_What the task requires_
The line with "Coop Strimlet Svinekjøtt" through the last line of the entries: give these again exactly, and only these, without any pictures.

(Beginning of Input material)

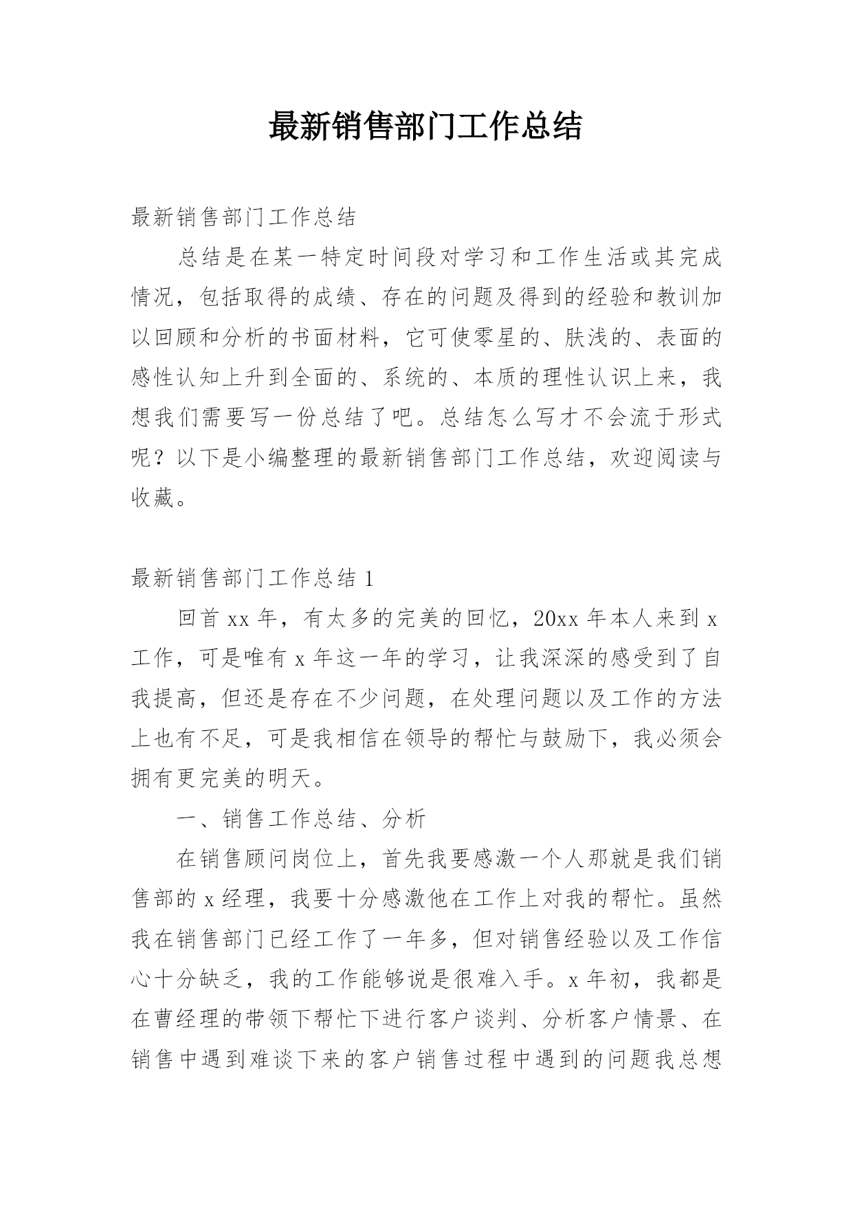 最新销售部门工作总结最新销售部门工作总结总结是在某一特定时间段对学习和工作生活或其完成情况,包括取得的成绩、存在的问题及得到的经验和教训加以回顾和分析的书面材料,它可使零星的、肤浅的、表面的感性认知上升到全面的、系统的、本质的理性认识上来,我想我们需要写一份总结了吧。总结怎么写才不会流于形式呢?以下是小编整理的最新销售部门工作总结,欢迎阅读与收藏。最新销售部门工作总结1回首xx年,有太多的完美的回忆,20xx年本人来到x工作,可是唯有x年这一年的学习,让我深深的感受到了自我提高,但还是存在不少问题,在处理
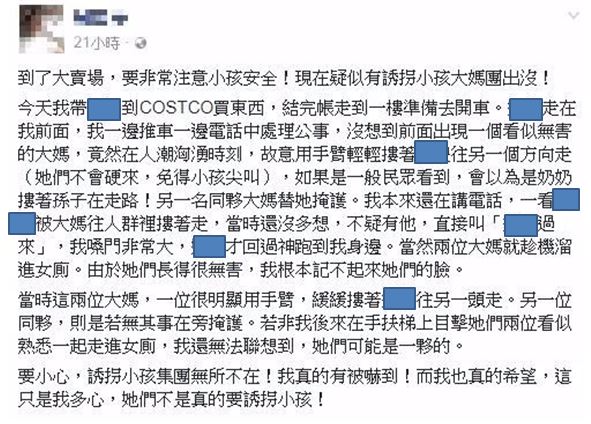 ▼家長PO文大媽拐童組現身賣場,要大家小心!圖/臉書
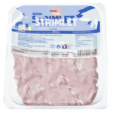 Coop Strimlet Svinekjøtt 350g fra COOP Produktet er tilgjengelig hos Coop til en pris av 63.90 kr. Produktet leveres av FATLAND SALG AS. Produktet ble første gang registrert 9.1.2022 og sist oppdatert 16.7.2023. Prisen har endret seg fra 61.90 kr til 63.90 kr over tid.
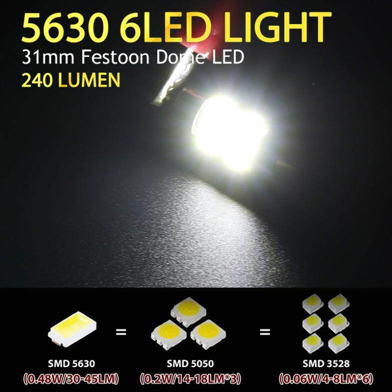 2pcs LED Car Interior Dome Light Bulbs 31mm 12V 5630 6 SMD Globe Au Canbus Festoon
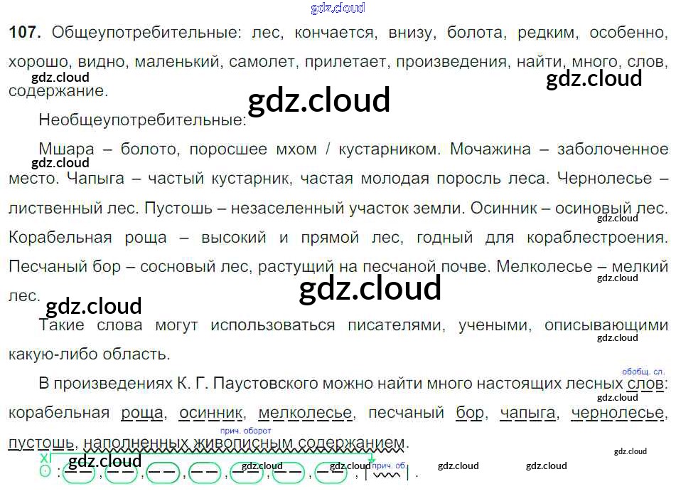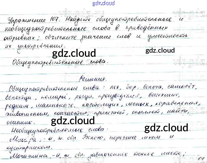 Ответ на задание 107 Учебник Русский язык за 6 (шестой) класс Баранов, Ладыженская, Тростенцова, Григорян, Кулибаба 2015, 2022 Часть 1, 2

(End of Input material)

_Answer space_
 Coop Strimlet Svinekjøtt 350g fra COOP Produktet er tilgjengelig hos Coop til en pris av 63.90 kr. Produktet leveres av FATLAND SALG AS. Produktet ble første gang registrert 9.1.2022 og sist oppdatert 16.7.2023. Prisen har endret seg fra 61.90 kr til 63.90 kr over tid.
 2pcs LED Car Interior Dome Light Bulbs 31mm 12V 5630 6 SMD Globe Au Canbus Festoon
 Ответ на задание 107 Учебник Русский язык за 6 (шестой) класс Баранов, Ладыженская, Тростенцова, Григорян, Кулибаба 2015, 2022 Часть 1, 2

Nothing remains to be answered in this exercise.